» **RECORDED DATA**
----------------------------------------

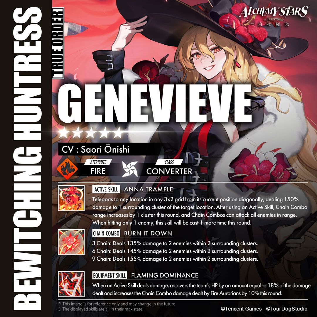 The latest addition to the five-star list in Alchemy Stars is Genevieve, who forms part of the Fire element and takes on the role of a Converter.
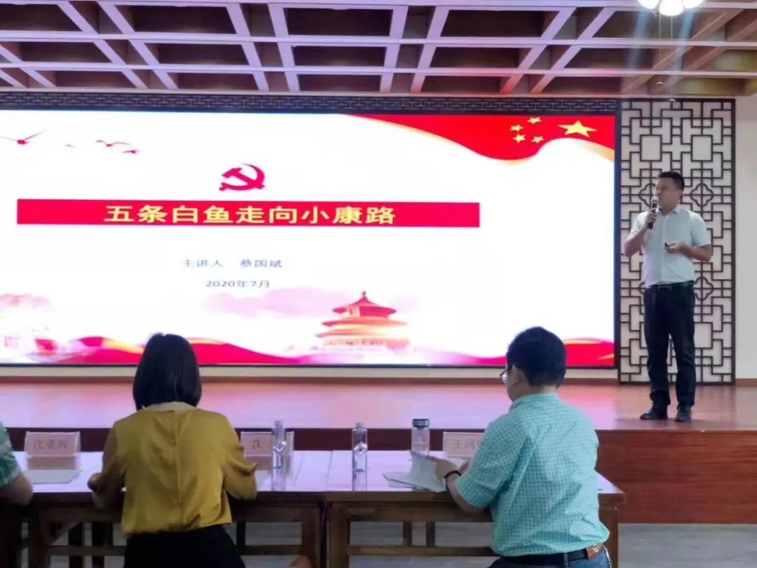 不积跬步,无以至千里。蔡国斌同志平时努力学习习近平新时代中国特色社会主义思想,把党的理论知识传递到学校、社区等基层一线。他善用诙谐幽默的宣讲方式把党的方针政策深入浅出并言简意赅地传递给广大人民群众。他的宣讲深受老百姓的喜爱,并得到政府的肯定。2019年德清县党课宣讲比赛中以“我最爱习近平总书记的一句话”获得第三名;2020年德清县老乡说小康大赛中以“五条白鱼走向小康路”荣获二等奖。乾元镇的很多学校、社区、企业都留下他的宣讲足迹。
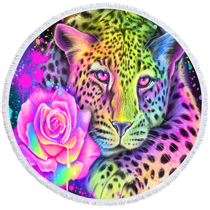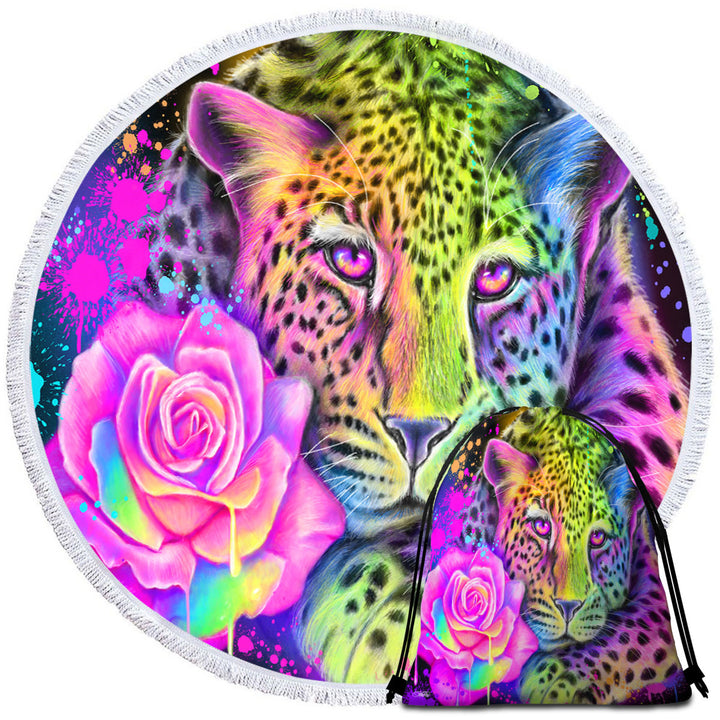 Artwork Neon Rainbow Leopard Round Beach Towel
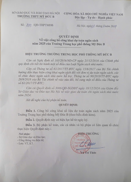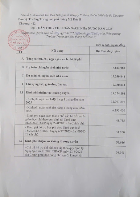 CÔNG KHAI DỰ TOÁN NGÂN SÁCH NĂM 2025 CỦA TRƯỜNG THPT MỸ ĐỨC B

----------------------------------------

» **PROMPT**
Exactly the lines from the top of the listing through the line with "Artwork Neon Rainbow", and no pictures, should be printed.

» **TASK OUTPUT**
 The latest addition to the five-star list in Alchemy Stars is Genevieve, who forms part of the Fire element and takes on the role of a Converter.
 不积跬步,无以至千里。蔡国斌同志平时努力学习习近平新时代中国特色社会主义思想,把党的理论知识传递到学校、社区等基层一线。他善用诙谐幽默的宣讲方式把党的方针政策深入浅出并言简意赅地传递给广大人民群众。他的宣讲深受老百姓的喜爱,并得到政府的肯定。2019年德清县党课宣讲比赛中以“我最爱习近平总书记的一句话”获得第三名;2020年德清县老乡说小康大赛中以“五条白鱼走向小康路”荣获二等奖。乾元镇的很多学校、社区、企业都留下他的宣讲足迹。
 Artwork Neon Rainbow Leopard Round Beach Towel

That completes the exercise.